The Wabun C. Krueger Collection
The heart of the Museum is the 8,000-piece Wabun C. Krueger Collection of Agricultural, Household, and Scientific Artifacts. Critically acclaimed, it offers a fascinating perspective on rural New Jersey life from before pre-Colonial times to the present.
Since 1929 over 500 New Jersey individuals, families, and organizations have generously donated these items. However, the principal contributor was Dr. Krueger himself. He spent half his life inviting families to share the artifacts he believed were of significant value with the Museum and the public.

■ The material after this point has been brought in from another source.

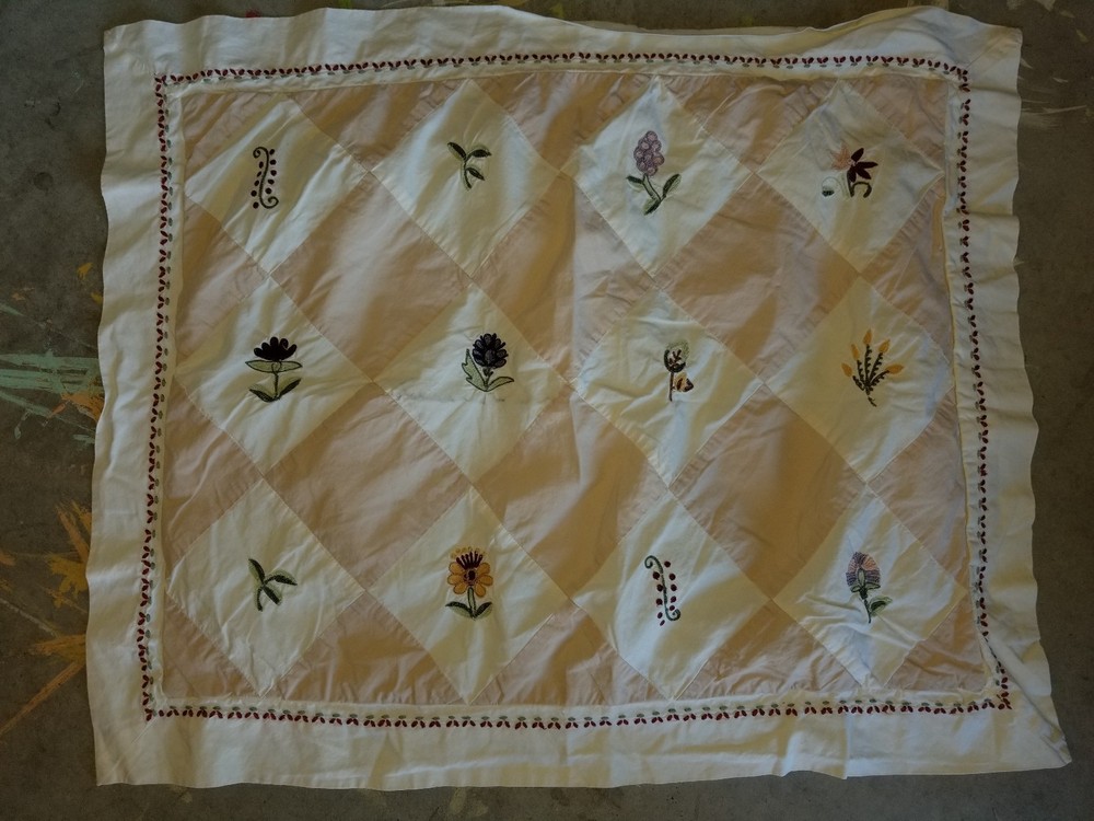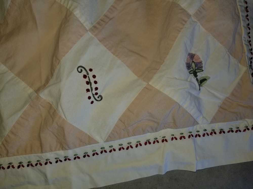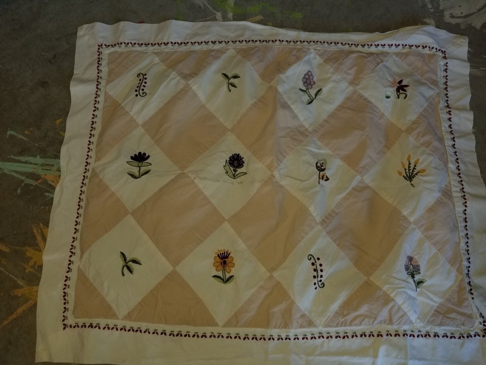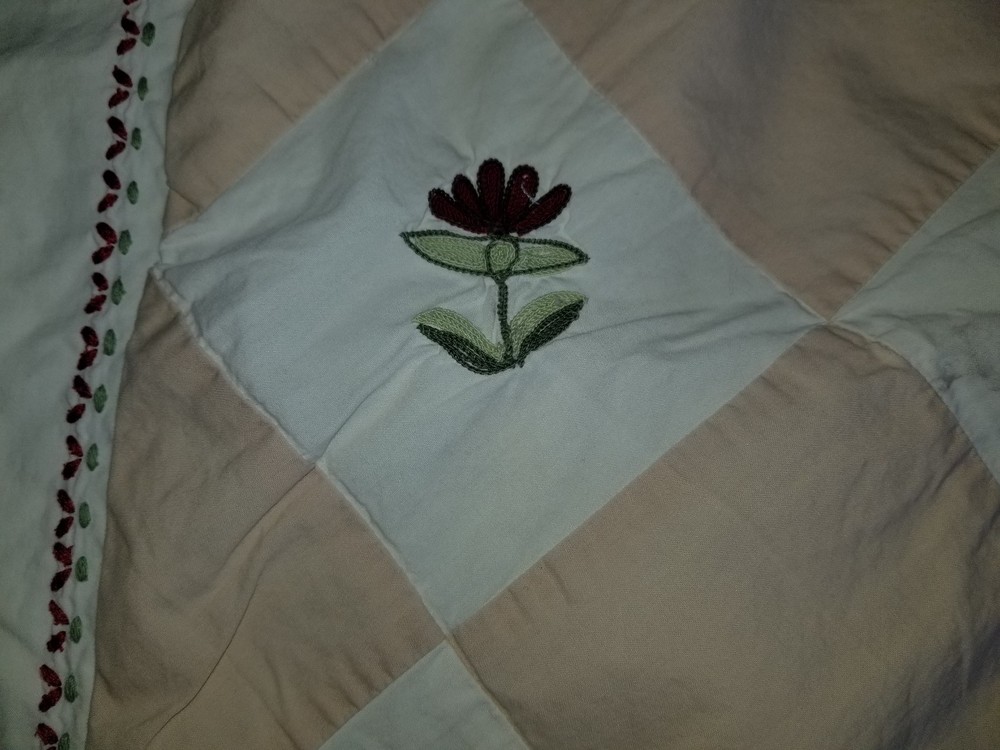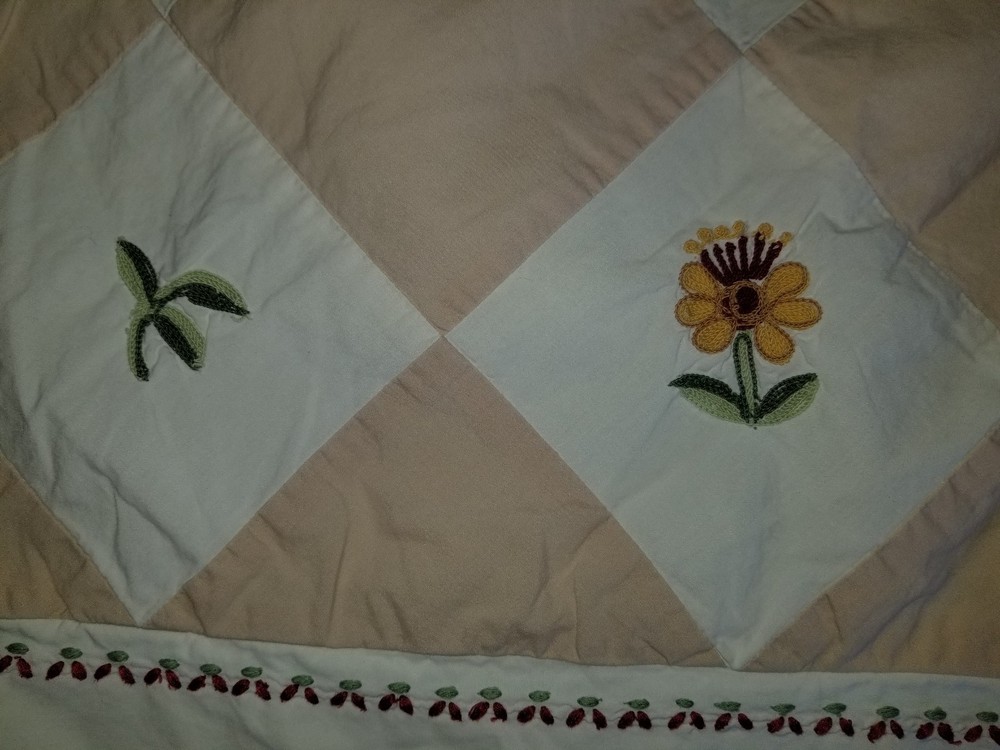 Beautiful! In very good condition, 100% cotton; creamy white/ivory with harlequin pattern in sand with embroidered flowers and leaves; has envelope closure; Will combine shipping for multiple items. Thanks for looking. All items are sold "AS IS" , they are pre-owned unless otherwise stated and will need to be washed ; if you have any questions about the item please ask before purchasing; No refund will be given on a missing part, wrong colors (ex. White not as white as customer wants), wrong pattern, dirt (I live in the desert so it's inevitable – it washes right out), size, grease pencil marks or tag holes. I try to describe item the best that I can and supply numerous photos, please look at photos closely -- I will be more than happy to take different photos, measurements, etc. if needed for you. Thanks for looking!

Dr. Krueger collected masterfully, accumulating objects of extraordinary variety and importance - everything from butter churns and asparagus bunchers to horse treadmills, sleighs, grain threshers, market wagons, and tractors. Appreciating Krueger's keen eye, the agricultural curator for the Museum of American History of the Smithsonian Institution deemed the collection "of inestimable value" to the study of agriculture in New Jersey.
Photograph Collections
George H. Cook College Collection
Complementing the Krueger Collection is the George H. Cook College Collection of Agricultural and Scientific Photographs, a superb array of 20,000 glass negatives, lanternslides, vintage prints, and contemporary photographs that vividly portray farm and rural life in New Jersey from the 19th century to the present.
The Dow/Brown Collection
The Dow/Brown Collection contains some 6,000 historical and contemporary photographs donated by the Dow Chemical Corporation.
The Powell Collection
The Powell Collection includes over 500 images depicting turn-of-the century life in Boonton, NJ.
The Pardoe Collection
The Pardoe Collection encompasses over 2,500 images of early farm markets and businesses in New York, New Jersey, and Pennsylvania.
New Jersey Agricultural Experiment Station Photographs
The New Jersey Agricultural Experiment Station Photographs include the work of three renowned turn-of-the-century scientists - entomologist John Bernhard Smith, plant pathologist Byron Halsted, and plant breeder Maurice A. Blake - who were among the first in the world to employ photography in agricultural research.
Rutgers Cooperative Extension Collection
The Rutgers Cooperative Extension Collection contains photographs documenting efforts to disseminate practical scientific knowledge to farmers, homemakers, and 4-H youngsters in the Garden State.